THE HISTORY OF TOBACCO REGULATION
Surgeon General
The 1961, multiple national organizations urged then president John F. Kennedy to address smoking concerns. The Royal College of Physicians in London conducted a study on the health impacts of smoking. The critical study circulated in the US, prompting the president’s response. In 1964, after studying thousands of scientific articles, the Surgeon General released a report detailing the health impacts of cigarettes. Heart and lung diseases, as well as various cancers were chief among the concerns listed. By 1965, all cigarette packaging required a health risk warning label.
Despite the evidence, tobacco products remain the leading cause of preventable death in the US. Nicotine addiction is a major issue. Once hooked, smokers expose themselves to drastically increased risk of debilitating health issues, and early death. The Centers for Disease Control and Prevention (CDC) states that cigarettes cause about 1 in every 5 deaths in the US annually. Their figure includes numbers from secondhand smoke-related deaths.

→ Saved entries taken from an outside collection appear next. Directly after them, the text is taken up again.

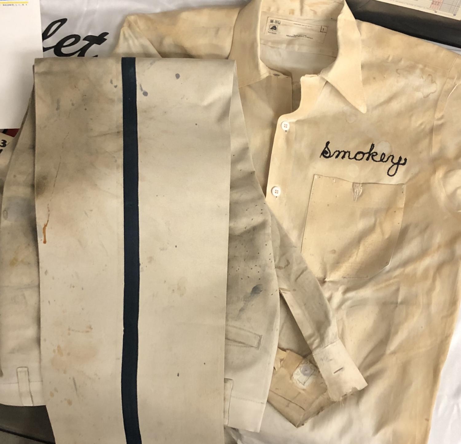 Smokey Yunick uniform... there are lots of pics of him wearing his white and blue at the race track. I obtained this straight from Smokey’s daughter. ( I do have cert. of authencity but cannot locate it at the moment.. will provide to seller whenever (if) it shows up) I believe Trish Yunick is probably still around and could probably be contacted . She was always very nice to me. |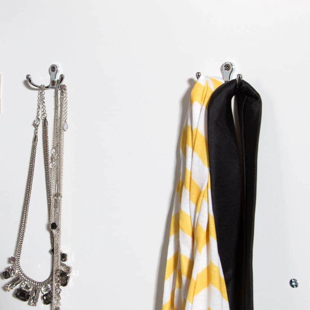 - 2-hooks behind the door for hanging scarves, ties and other types of neckwear
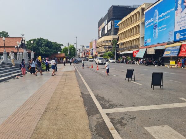 เจ้าหน้าที่เทศบาลนครนครราชสีมา ได้มีการนำโครงเหล็กติดตั้งสปริงเกอร์ฉีดน้ำ และไฟแสงสีเสียง มาติดตั้งไว้เป็นระยะทางยาวกว่า 500 เมตร ที่บริเวณถนนราชดำเนิน หน้าลานอนุสาวรีย์ท้าวสุรนารี อ.เมือง จ.นครราชสีมา พร้อมกับมีการตั้งเวทีกลางบริเวณลานคนมุง ข้างลานอนุสาวรีย์ท้าวสุรนารี เพื่อเตรียมความพร้อมในการจัดประเพณีสงกรานต์ ประจำปี 2567 ซึ่งปีนี้ทางเทศบาลนครนครราชสีมา ร่วมกับจังหวัดนครราชสีมา และการท่องเที่ยวแห่งประเทศไทย จัดงานมหาสงกรานต์โคราช ขึ้นอย่างยิ่งใหญ่ ระหว่างวันที่ 13-15 เม.ย. 67 โดยจะปิดถนนบริเวณรอบลานอนุสาวรีย์ท้าวสุรนารี ภายในเขตเทศบาลนครนครราชสีมา ในช่วงวันที่ 13-15 เม.ย. ตั้งแต่เวลา 18.00 น. ถึง 21.00 น. เปิดเป็นถนนขั่วหมี่ เพื่อให้ประชาชนเดินเล่นน้ำสงกรานต์ โดยจะมีอุโมงค์น้ำประกอบแสงสีเสียง ติดตั้งไว้ 2 จุด ความยาวรวมกว่า 500 เมตร บริเวณถนนราชดำเนิน หน้าลานอนุสาวรีย์ท้าวสุรนารี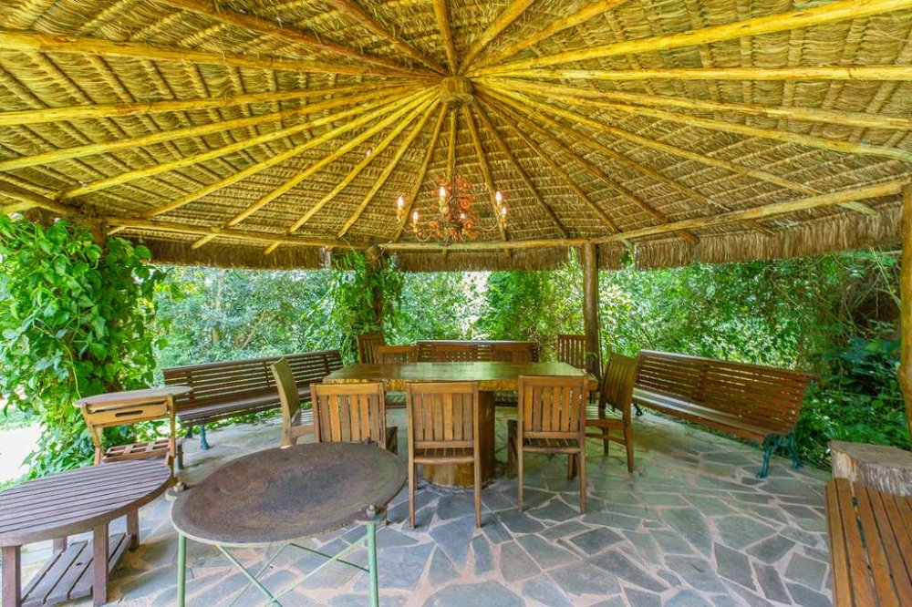 Lindo caramanchão (quiosque) integrado ao salão de festas, com mesa para 10 pessoas.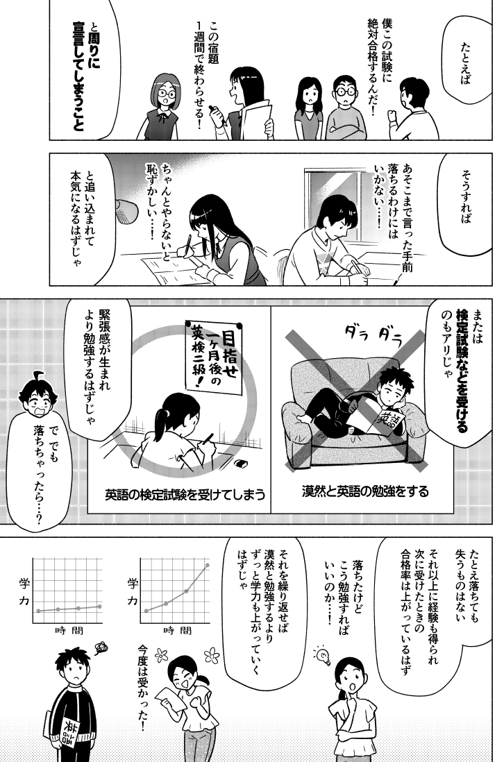 漫画の中でも、「周囲に宣言してしまう」「試験を申し込んでしまう」など、

Food and Drug Administration
In 2009, the Family Smoking Prevention and Tobacco Control Act gave the US Food and Drug Administration (FDA) authority over key aspects of the tobacco industry. FDA regulations include provisions and prohibitions on the manufacture, sale, and marketing of cigarettes and other tobacco products. One goal of the act was to keep cigarettes out of the hands of youth. Authorities sought to keep kids from exposing themselves to the list of life-threatening issues that come with smoking.
Keeping cigarettes out of the hands, mouths, and lungs of children is important. Nicotine addiction is a serious problem, and the host of health issues that comes with long-term smoking should not have to fall on younger people to discover too late in life to fix. Fortunately – thanks to effective regulation, study, and control – smoking rates have declined of late. There are, however, other areas where cigarettes are less regulated – like their environmental impacts, for example. Cigarettes’ effects on the world around us, outside the bodies of our children, can be just as dire and devastating.
IMPACT AND IMPLICATIONS
Litter
Cigarette butts are not biodegradable by any useful measure. Filters are largely comprised of a plastic type of cellulose acetate. It takes a lot of years for the materials to break down, thanks to sun exposure (photodegradable). However, what remains are small bits of plastic. The remaining plastic works its way into the soil and the water, and never fully dissolves.
Plastic, of course, is not consumable nor digestible by any animal body. Imagine, then, microscopic, undetected bits of an inorganic material making its way into your food, your water, and ultimately your body because of the careless actions of smokers.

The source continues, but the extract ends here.